アイリス 鹿猫
「セブルス・スネイプです」
神秘部の扉の前でセブルスが出した声は、奇妙に響き、冷たい石壁と床に吸い込まれた。
古びた木の扉が開き、黒髪を後ろに撫でつけた背の高い男が現れた。
男はセブルスを中へ通した。
セブルスは木の扉が気になって仕方がなかった。
見るからに海中で腐ったような断面をしているのに、軽い動きでぱたりと閉じる。
光の粉をまぶしたような表面も不思議だった。
「中へ…ここが応接室になっている」
何もない部屋だった。
あるのは食堂で使う巨大な長テーブルと椅子が13脚。
扉に近い椅子の前に、銀のゴブレットに入れた液体が湯気を上げている。
男は上座に腰掛けると、無言で手のひらを差し出し、座るように指示した。
セブルスはおもむろに椅子をひき、腰掛けた。
居心地の悪い沈黙が流れた。
何か話し出さなければならないのに、口がなくなってしまったような感覚を覚えるほど、言葉が出なかった。

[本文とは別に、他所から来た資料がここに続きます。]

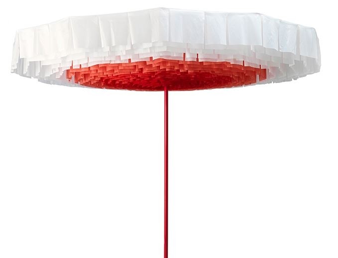Está diseñado con pétalos de tela para conseguir un ambiente relajado bajo la sombra y disfrutar de los tonos de color por encima. El viento hace que los pétalos bailan para producir un efecto hipnótico. Diseño muy actual, creativo, vistoso y moderno de fácil limpieza. El pie no está incluido en el precio.

無碍に却下されたジェームズとのことについて、再度願い入れるつもりだったのに、何も出てこない。
ただ自分がそこに座っていることが全てのような気さえした。
セブルスは男に気付かれないように小さく頭を振り、顔を上げ、男を見た。
男は無表情だった。
あと五分もすれば、あれが蝋人形だと思い込むことができそうな気がした。
その時、男が瞬きをし、もう一度手のひらを差し出した。
セブルスは目の前にあるゴブレットを見つめた。そしてまた男を見た。
相変わらず手のひらを差し向けている。